CAS: What do you think is the cutting edge of AI and ML in drug discovery?

Jefferson: It's spatial, which is kind of the next generation of single cell. Multi omics. Bringing in the DNA, the RNA, the proteins, the metabolomics, and integrating all of it. Even integrating it with cellular pathways and intercellular communication. It's not just the single cell anymore. It's the single cell and the cells next to it and the cells next to those; how are they interacting? That's where it's headed, where it already is.

CAS: Do you think we're going to be creating models of biological systems?

Jefferson: If you'd asked me that when I was in grad school, I would have said humanity does not have the mathematics that can describe a biological system. Biology is complex chemistry, chemistry is complex physics, and physics is complex math. Everything is based on that. Physics is a mathematically solvable problem, it just requires an immense amount of data, and chemistry is, to an extent, the same thing. But biology… I used to believe that we did not, and would not, have the capacity to mathematically model a biological system.

But now, that is probably the direction it will have to go in. Will it require a quantum computer? Maybe? It might be after my lifetime, but I will say now with some confidence that at some point, humanity will be able to have accurate, reliable computational simulations of living systems. And that statement kind of scares me. I know there's a lot of work being done in the digital twin space. Limited first-step scenarios, but digital twins are online and being used in clinical trials now. That's kind of the beginning of it.

CAS: What do you think is needed to drive these new frontiers forward, then? Do we need new algorithms or new frameworks? Or is it really just trying to make everything fit together?

Jefferson: It's all of it—we need new ways of thinking about the problem. It may be applying old algorithms with new ways of designing or implementing new algorithms. For things like epigenomics and looking at DNA dynamics, or the non-coding RNA space, exome versus everything else, that's different from just sequence analysis. It's a different way of thinking about it. It's still the sequence, but it's not just the sequence.

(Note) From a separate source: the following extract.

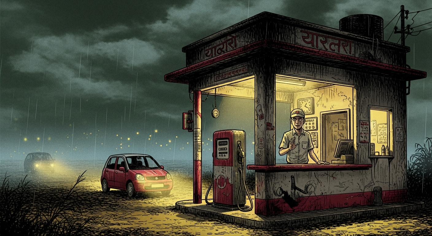 When the fuel light blinked on, they pulled into the nearest gas station—a tiny place with a single pump and a faded sign that flickered like a tired candle.

Those different ways of thinking about the issue will require different tools.

CAS: If you could wave a magic wand and solve one problem in sequence analysis and drug discovery, what would you solve? And what impact would that have?

Jefferson: I would make all the data well-annotated and available to everyone. All the proprietary data from companies, institutions, and universities… everywhere. On a well-annotated, well-documented, unified storage platform, freely usable by everyone. Because then there would be enough, and we could solve the big problems.

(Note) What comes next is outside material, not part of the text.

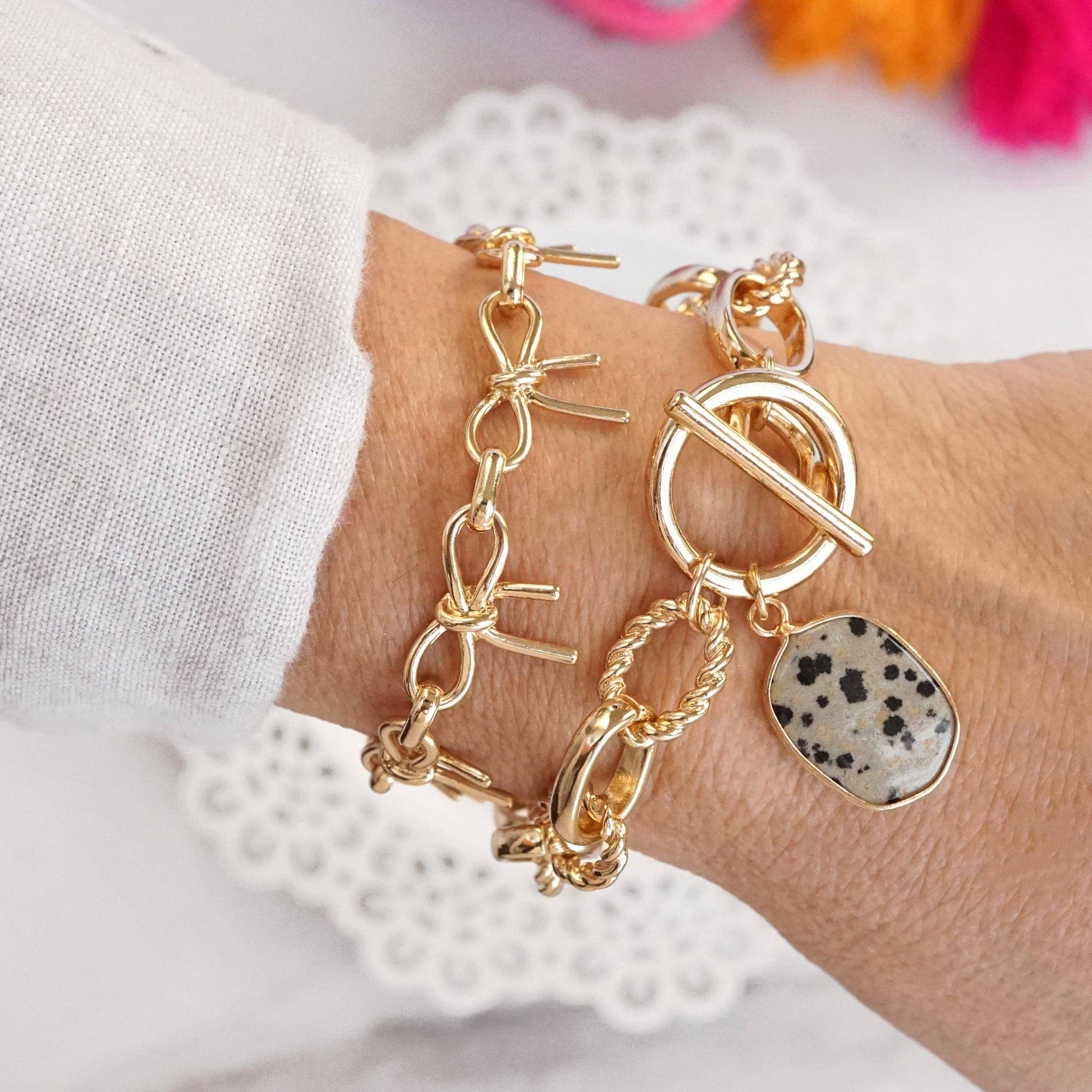 A stunning and trendy addition to your jewelry collection. Crafted from durable alloy in a beautiful gold tone, this eye-catching bracelet features a links design with toggle closure with to rings that ensures a comfortable fit.

Jefferson began his research career at MIT, exploring xenobiotic metabolism in the gram-positive soil bacterium Rhodococcus aetherovorans. He got into computing when faced with an overload of data trying to annotate the genome to develop DNA microarrays, and he’s been working at the intersection of biology, computing, and mathematics since. His career has taken him through small pharma, large pharma, and consulting organizations, including Novartis and Thomson Reuters. Along the way Jefferson acquired his Graduate Certificate in Applied Statistics from Pennsylvania State University and a master’s degree in computer science from Boston University.

Now, Jefferson is forging a new path with his own bioinformatics consulting company, NullSet Informatics Solutions providing data and analytics, data modeling, and technology project management services.